**Data shown:**
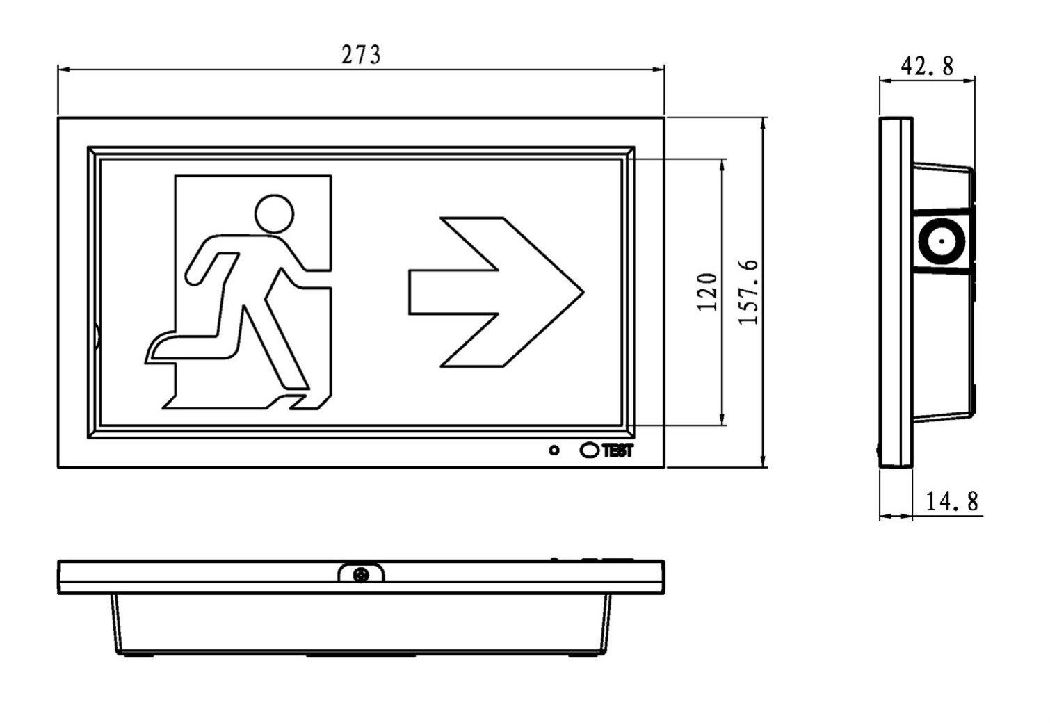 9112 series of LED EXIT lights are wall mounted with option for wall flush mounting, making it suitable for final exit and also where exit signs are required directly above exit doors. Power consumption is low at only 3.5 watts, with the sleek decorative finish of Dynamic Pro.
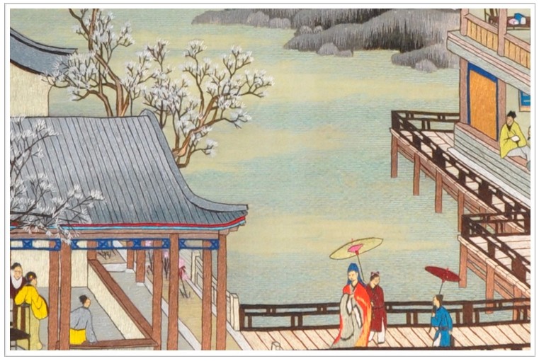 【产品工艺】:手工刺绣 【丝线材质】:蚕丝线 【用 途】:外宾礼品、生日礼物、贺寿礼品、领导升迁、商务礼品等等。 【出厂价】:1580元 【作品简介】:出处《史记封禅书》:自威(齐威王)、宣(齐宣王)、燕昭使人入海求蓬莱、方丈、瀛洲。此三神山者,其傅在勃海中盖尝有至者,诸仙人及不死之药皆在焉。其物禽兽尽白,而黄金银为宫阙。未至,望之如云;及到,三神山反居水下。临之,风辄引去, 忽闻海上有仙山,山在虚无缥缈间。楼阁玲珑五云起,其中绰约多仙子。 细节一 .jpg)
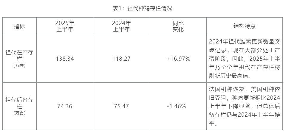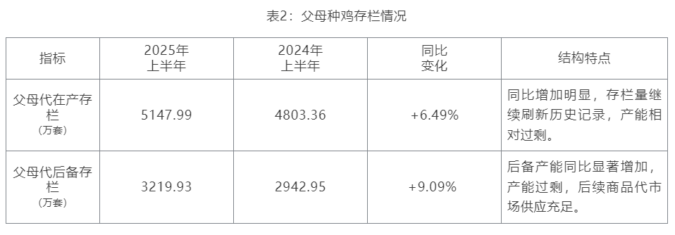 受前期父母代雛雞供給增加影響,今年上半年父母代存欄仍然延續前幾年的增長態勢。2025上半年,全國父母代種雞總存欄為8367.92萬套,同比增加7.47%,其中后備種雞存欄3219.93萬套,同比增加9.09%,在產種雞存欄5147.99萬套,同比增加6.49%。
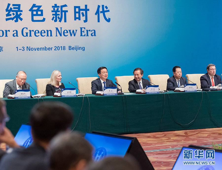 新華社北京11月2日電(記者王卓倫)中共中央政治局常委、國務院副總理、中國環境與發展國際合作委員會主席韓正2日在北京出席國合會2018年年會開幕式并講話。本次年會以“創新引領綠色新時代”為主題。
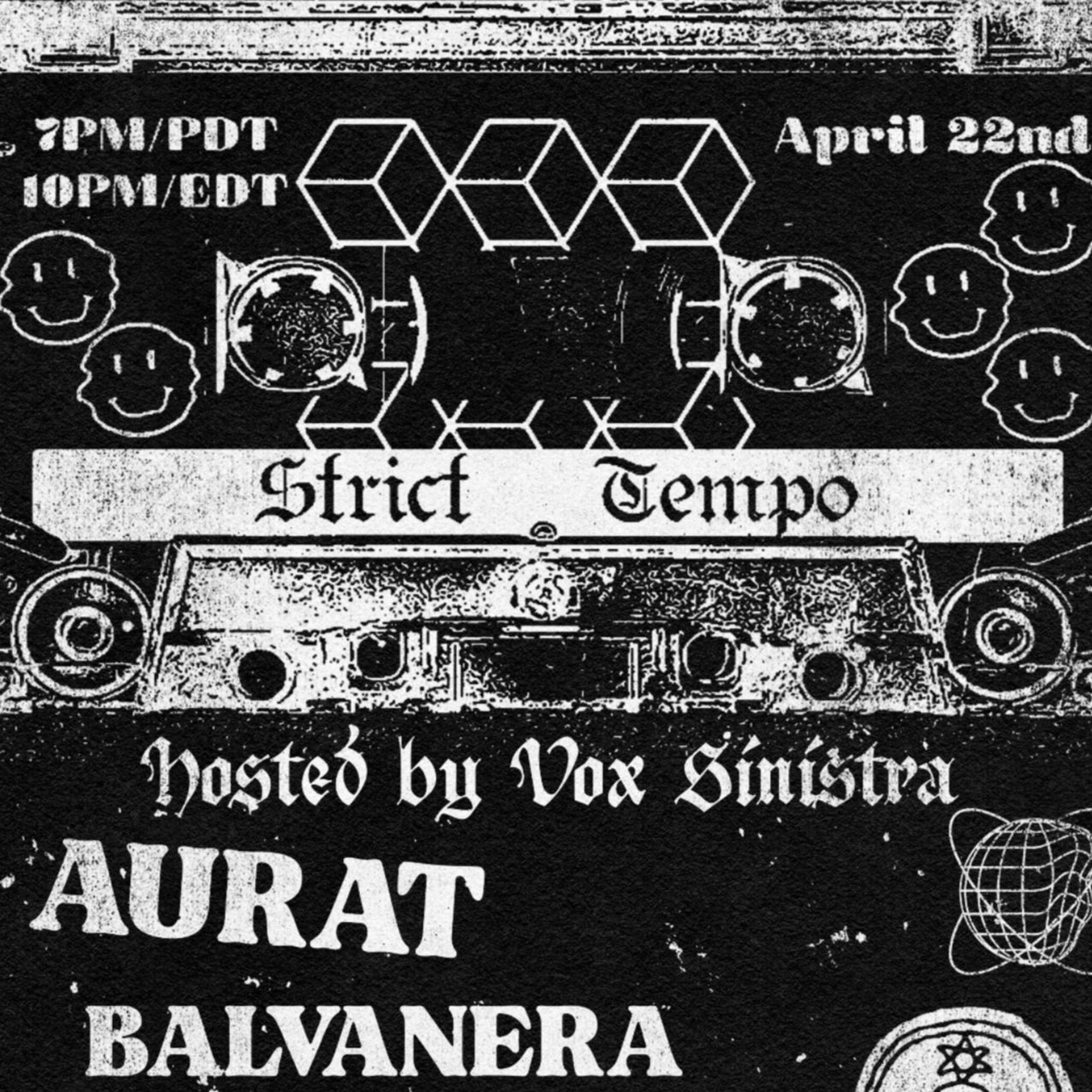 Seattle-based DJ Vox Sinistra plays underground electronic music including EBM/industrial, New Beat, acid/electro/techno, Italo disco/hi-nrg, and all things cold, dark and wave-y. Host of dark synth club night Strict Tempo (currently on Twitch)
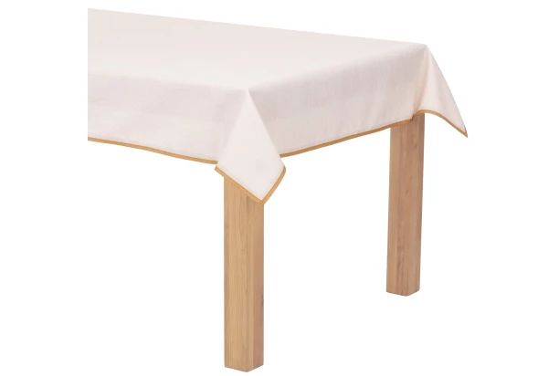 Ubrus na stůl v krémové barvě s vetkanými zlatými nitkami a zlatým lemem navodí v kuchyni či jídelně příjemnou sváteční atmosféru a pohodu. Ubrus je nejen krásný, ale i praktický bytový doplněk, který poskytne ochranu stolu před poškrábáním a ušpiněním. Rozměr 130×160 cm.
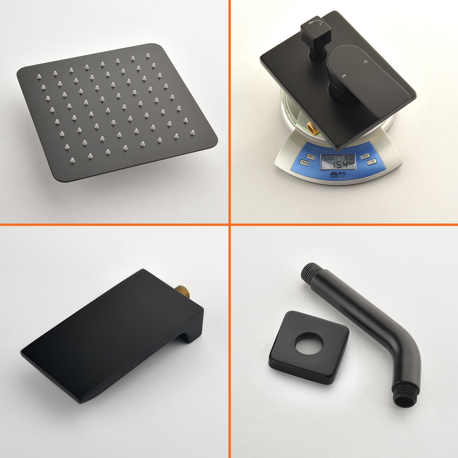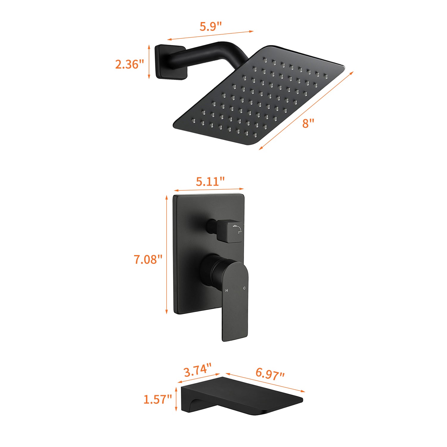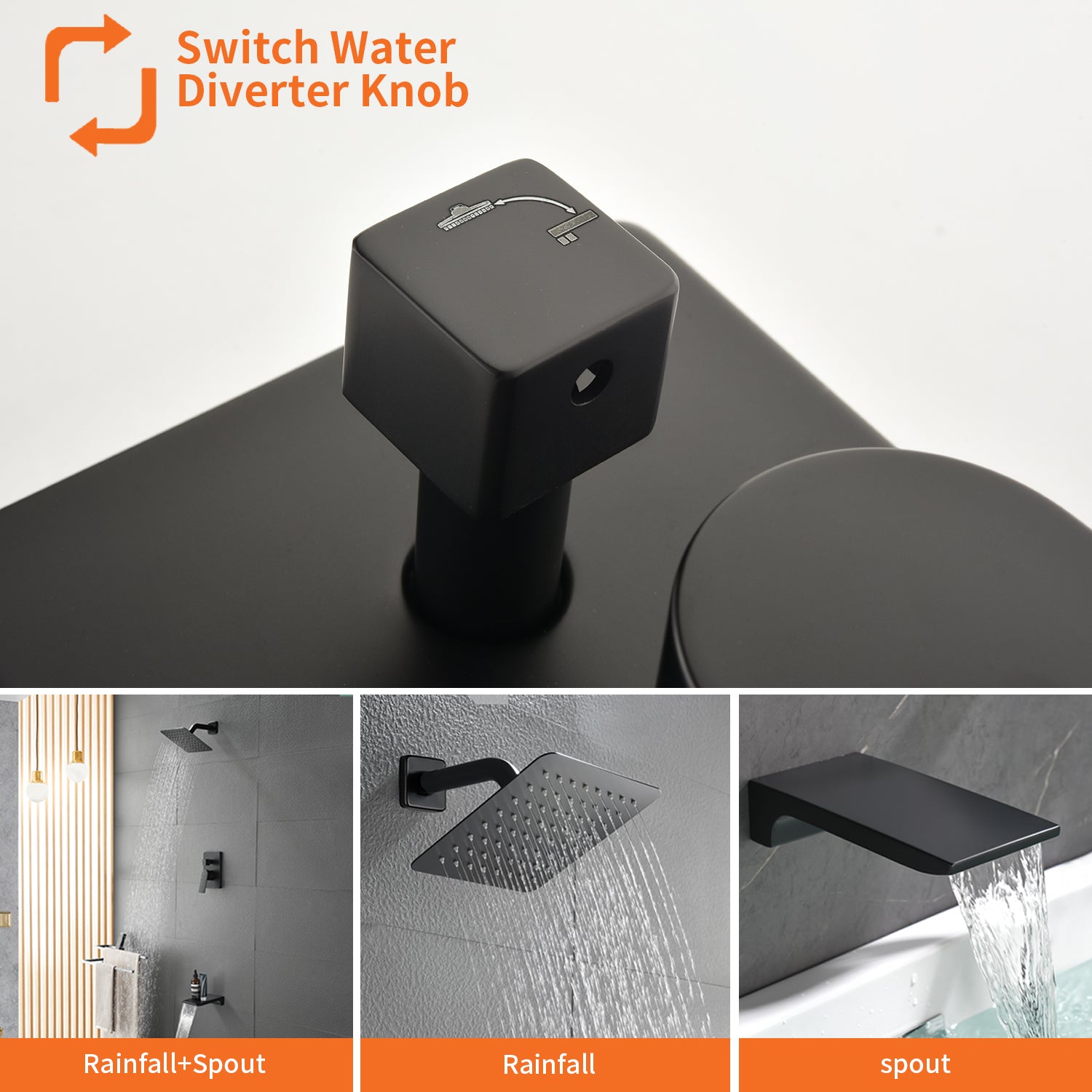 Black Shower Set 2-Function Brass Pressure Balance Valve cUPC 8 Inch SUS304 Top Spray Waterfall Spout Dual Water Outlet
* * *
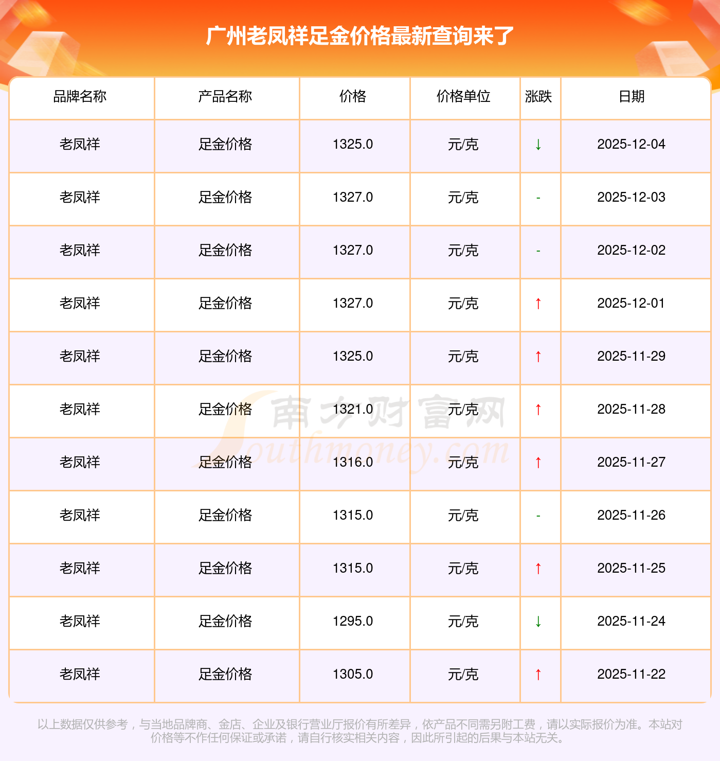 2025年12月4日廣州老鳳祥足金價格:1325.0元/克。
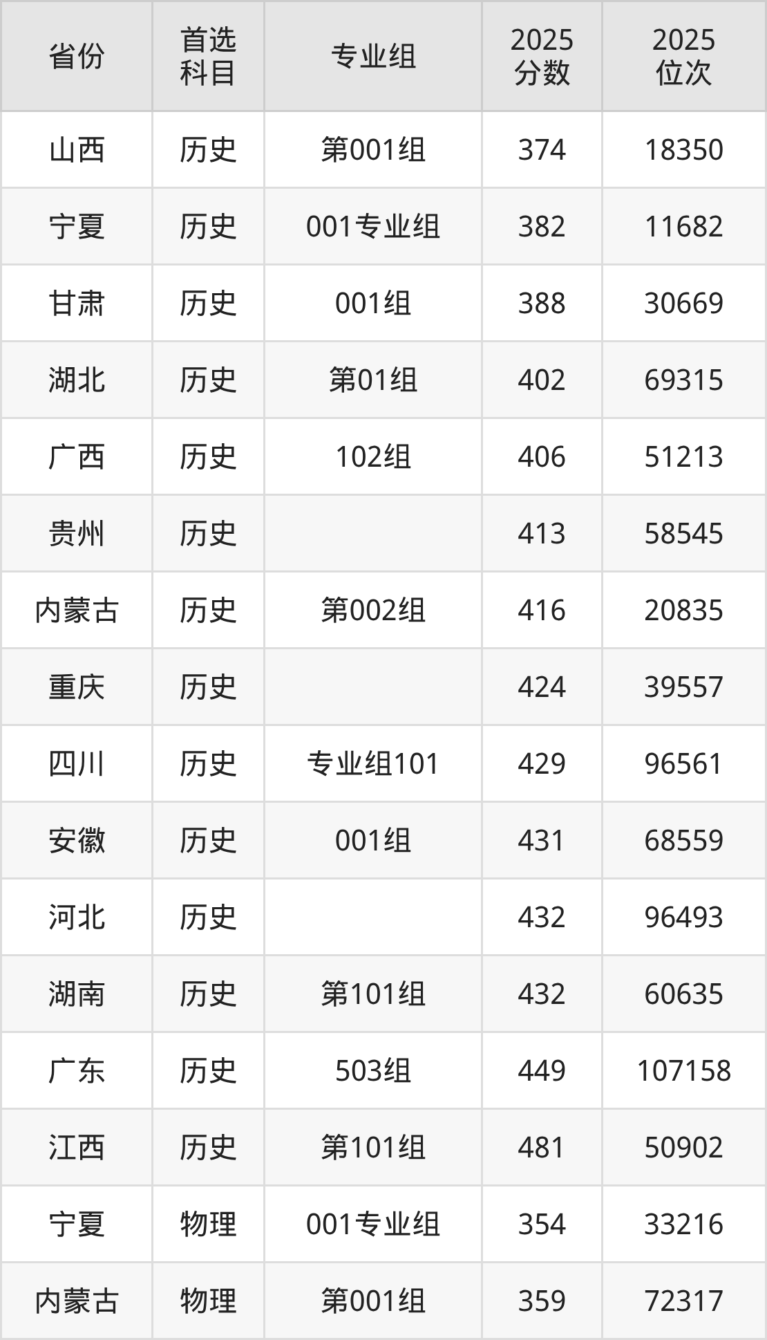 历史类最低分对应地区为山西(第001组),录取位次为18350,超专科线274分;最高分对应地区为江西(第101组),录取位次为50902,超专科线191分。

**Task description:** From the records above, return exactly the lines running from the one that contains "忽闻海上有仙山,山在虚无缥缈间。楼阁玲珑五云起,其中绰约多仙子。 细节一 .jpg)" down to the one that contains "Black Shower Set", both included, without any pictures.

**Task response:**
 【产品工艺】:手工刺绣 【丝线材质】:蚕丝线 【用 途】:外宾礼品、生日礼物、贺寿礼品、领导升迁、商务礼品等等。 【出厂价】:1580元 【作品简介】:出处《史记封禅书》:自威(齐威王)、宣(齐宣王)、燕昭使人入海求蓬莱、方丈、瀛洲。此三神山者,其傅在勃海中盖尝有至者,诸仙人及不死之药皆在焉。其物禽兽尽白,而黄金银为宫阙。未至,望之如云;及到,三神山反居水下。临之,风辄引去, 忽闻海上有仙山,山在虚无缥缈间。楼阁玲珑五云起,其中绰约多仙子。 细节一 .jpg)
 受前期父母代雛雞供給增加影響,今年上半年父母代存欄仍然延續前幾年的增長態勢。2025上半年,全國父母代種雞總存欄為8367.92萬套,同比增加7.47%,其中后備種雞存欄3219.93萬套,同比增加9.09%,在產種雞存欄5147.99萬套,同比增加6.49%。
 新華社北京11月2日電(記者王卓倫)中共中央政治局常委、國務院副總理、中國環境與發展國際合作委員會主席韓正2日在北京出席國合會2018年年會開幕式并講話。本次年會以“創新引領綠色新時代”為主題。
 Seattle-based DJ Vox Sinistra plays underground electronic music including EBM/industrial, New Beat, acid/electro/techno, Italo disco/hi-nrg, and all things cold, dark and wave-y. Host of dark synth club night Strict Tempo (currently on Twitch)
 Ubrus na stůl v krémové barvě s vetkanými zlatými nitkami a zlatým lemem navodí v kuchyni či jídelně příjemnou sváteční atmosféru a pohodu. Ubrus je nejen krásný, ale i praktický bytový doplněk, který poskytne ochranu stolu před poškrábáním a ušpiněním. Rozměr 130×160 cm.
 Black Shower Set 2-Function Brass Pressure Balance Valve cUPC 8 Inch SUS304 Top Spray Waterfall Spout Dual Water Outlet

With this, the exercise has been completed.